> The LXC images failed to start under linux-image-4.2.0-28-generic, with a kernel oops.

this bug isn't about kernel oopses.

> Setting /proc/sys/net/ipv4/xfrm4_gc_thresh to 5 causes the failure almost immediately.
> 
> I would like to confirm my procedure however. I've been changing /proc/sys/net/ipv4/xfrm4_gc_thresh inside the containers,
> not the host. Is this correct?

no, that's not correct, and unfortunately the "reproducer" in this bug description is completely invalid (it was copied from a private bug for this issue).  ipsec will NEVER work with gc_thresh set to 5, due to the internal details between the xfrm gc_thresh and the hardcoded flowcache per-cpu hashtable size limit.  In upstream the xfrm4_gc_thresh has been changed to INT_MAX, because using a gc_thresh doesn't make any sense for xfrm dst entries; the total number of them possible is entirely dependent on the number of cpus in the system.

There is 1 xfrm dst entry per flowcache entry, and the flowcache entries are kept in a per-cpu hashtable that is strictly limited at 4096 entries (per cpu).  So, the total number of xfrm dst entries will be 4096 * num_active_cpus(), meaning that since the dst code stops allowing new dst allocation once the dst entry count is >= 2 * gc_thresh, the threshold (with the current default 32k gc_thresh) where dst allocation failures can begin to be seen is (32k * 2) / 4096 = 16 cpus.  On systems with less than 16 cpus, at the default gc_thresh of 32k, there will never be any dst allocation failures (except due to the real bug this addresses).  On systems with 16 or more cpus, with the default gc_thresh of 32k, there will/can be dst alloc failures (with a high enough ipsec usage rate, creating new connections - the flowcache clears all its entries every 10 minutes, so a lightly loaded ipsec with > 16 cpus could be fine).

Setting the xfrm4_gc_thresh value to anything less than (4k * 2 * CPUS) will result in failures, and in fact there is no point in setting xfrm4_gc_thresh to ANYTHING other than INT_MAX because it doesn't actually remove any dst entries.

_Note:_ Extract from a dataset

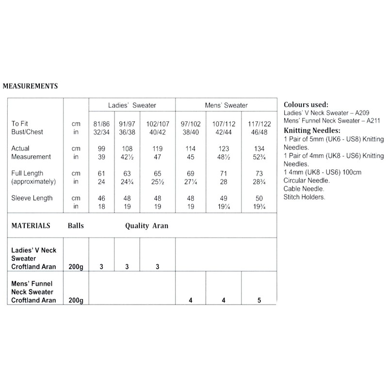 - The yarn requirements for the garments in this leaflet are as follows: Womens V Neck Sweater to fit bust 32" / 34" [36" / 38": 40" / 42"] use James C Brett Croftland Aran 100g - Shade A209 3 [3: 3] balls. Mens Sweater to fit chest 38" / 40" [42" / 44": 46" / 48"] use James C Brett Croftland Aran 100g - Shade A211 4 [4: 5] balls.

All that, unfortunately, is actually tangential to this real bug - the problem here is with multiple net namespaces (i.e. multiple containers) all running ipsec, the dst entry counter changes for one container can incorrectly be given to a different container - so one container could have its dst entry count steadily go down (incorrectly) while another container's dst entry count keeps going up (incorrectly).  The latter container there would eventually reach its 2 * gc_thresh limit and encounter dst allocation failures, making its ipsec network unusable.  Unfortunately, that error looks identical to the error when the dst entry counter is correct, but the number of system cpus is > 16 as described above.


To test this fix, multiple containers must be started (just 2 is fine).  On each container, new ipsec connections should be created as fast as possible; e.g. something like:

while true ; do ping -c 1 OTHER_CONTAINER ; done

so each container is pinging each other - but it's important to use -c 1 so that each ping creates a new ipsec dst entry; just normal ping will re-use the existing dst entry.

After a sufficiently long period (depending on the number of containers and number of cpus, and the luck of randomly incorrectly assigning dst entry count changes to different containers) one or more containers should get dst allocation failures and its ipsec network should not be usable anymore.  To speed up reproduction of this bug, lower the xfrm4_gc_thresh to a value ABOVE (2 * 4096 * CPUS), but close to it - e.g. something like 10k * CPUS.  With that gc_thresh value set, this bug should be reproducable fairly quickly (order of days or less) without the patch, but not reproducable with the patch (i.e. with the -proposed repo kernel).